Müslüman “Hubb-i fillah, buğd-i fillah” ilkesine göre hareket eder.Yani Allah için sever,Allah için buğz eder.

Amellerin en üstünü, sevdiğini Allah için sevmek
ve sevmediğini de Allah için sevmemektir.(Ebu Davud, Sünnet: 2)

Müslüman kardeşlerimizi ne hataları yüzünden dışlayabilir,ne de uyarmadan suskun kalabiliriz.Her ikiside islamın özüne ters davranışlardır.

“Saygı duyuyorum” ifadesi de çoğu kez yersiz kullanılan bir ifadedir.Neye nasıl saygı duyulur? Allah’a ve Rasulüne saygı duymayan,emirlerine aldırmayanlara müslüman saygı duyamaz.
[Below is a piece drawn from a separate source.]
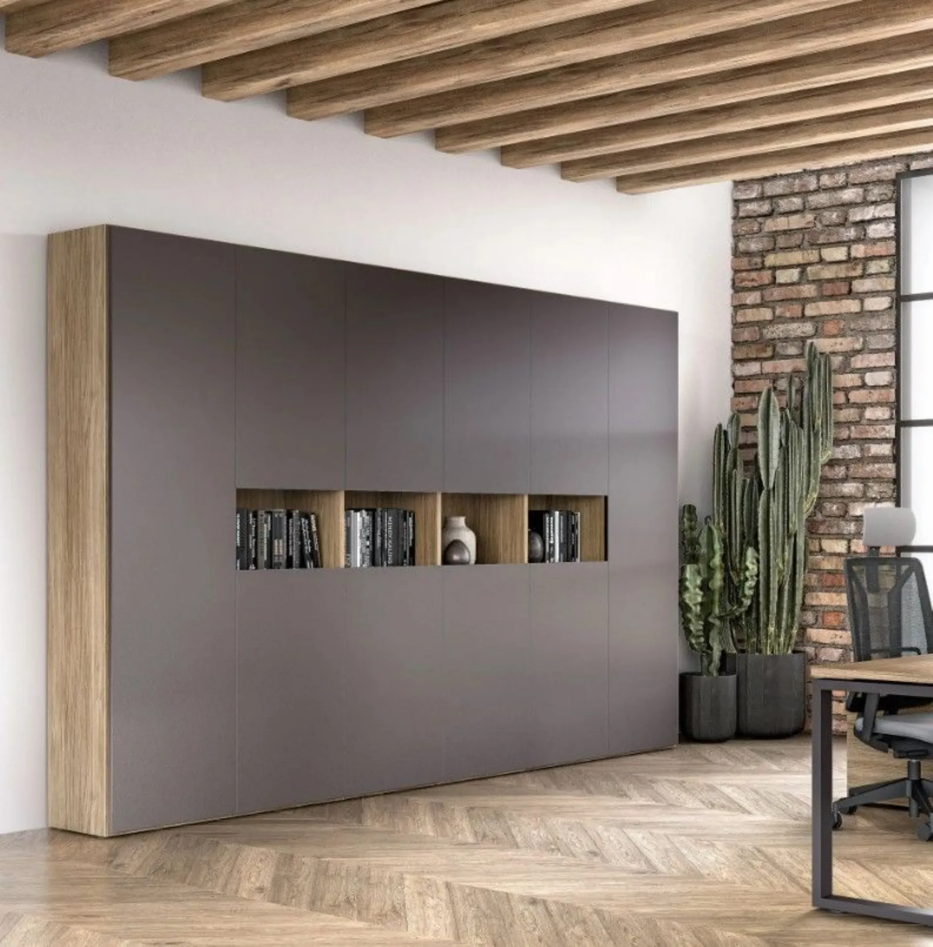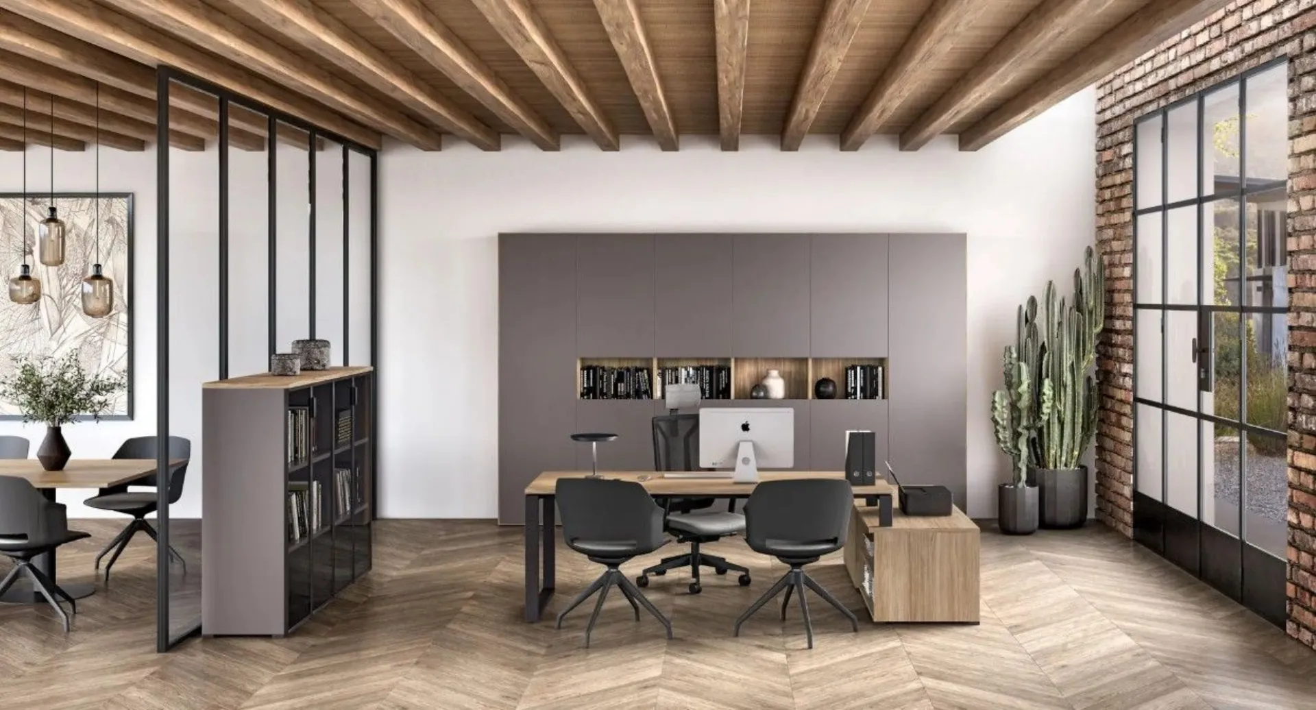 Our office furniture solutions combine Petra desks with Kobe Oak tops and Graphite finish, Direct ergonomic chairs, and coordinated Comfy seats to create modern, functional, and representative environments, promoting daily comfort and high productivity. Modular bookcases, completely customizable, available in Pearl, Gray, and Clay finishes, optimize document organization and harmonize the office style, strengthening the company identity and professional image in front of clients and collaborators. Customizable according to individual projects and available in various finishes. Request a quote via email or at 0424-383612.

İslam’a aykırı hal ve tutumları hoşgörmek saygı duymak gibi ifadeler sorumluluktan kaçan inanç ucuzluğudur.Bu acizlerin işidir.Müslüman,  hataları uyarır,dert eder,tebliğ yapar.Kimi zaman azarlanmayı,kimi zaman hakaretleri,bazende en sevdikleri tarafından terkedilmeyi göze alarak yapar bunu…

Burada sadece yemek yayınlayıp ,birbirimize anlamsız sanal ödüller dağıtarak,kimin yanındaysak ondan gibi görünerek,yanlışları hoşgörerek  vazifelerimizi yerine getirmiş olamayız.İslam davasının emanetçileri olarak; “Rengini belli etme”,”Karda yürü izini belli etme” “Etliye sütlüye karışma” ifadelerine paralel davranışlar sergilersek, emanet aldığımız bu davaya en büyük ihaneti yapmış oluruz.

Kırmadan dökmeden,gördüğümüz yanlışları dilimiz döndüğünce uyarmak,anlatmak zorundayız.Yarın huzur-u mahşerde Rabbimiz;  “Senin böyle bir imkanın vardı.Binlerce insana ulaşabiliyordun.Neden Allah’ı peygamberini anlatmadın? Yanlış yapan kardeşlerini neden uyarmadın?” diye sorarsa verecek bir cevabımız olsun,dillerimiz lâl olmasın.

Şimdi herkes istediğini yapsın.Kimi mütemadiyen üç maymunu oynasın.Girdiği ortamın rengine bürünsün.Yerine göre (!) bazen …alist,bazen islamcı olsun… Herkesle iyi olmak adına,suya sabuna asla dokunmasın. Kimi tüm düşünce yetilerinden arınarak aksesuar yaptığı tesettürüyle iki dirhem bir çekirdek hayatın dibine vursun.
Kimide beynini yakan düşüncelerini ağlayarak yazsııın,yazsın…Lanetlensin,yuhalansın….Olsun varsın,yeterki Allah ondan razı olsun…

Not:Yorum yapıp destek veren,bildiğini söyleyen,uyaran,yapıcı eleştirilerde bulunan kardeşlerimden de Allah ebedi razı olsun.

Allah izin verirse,yılbaşı haftası farklı bir açıdan yazılmış Yılbaşı yazımı paylaşacağım. Kalemimizden hayr damlasın,sözlerimiz gönlümüzden gönlünüze köprü olsun inşaallah.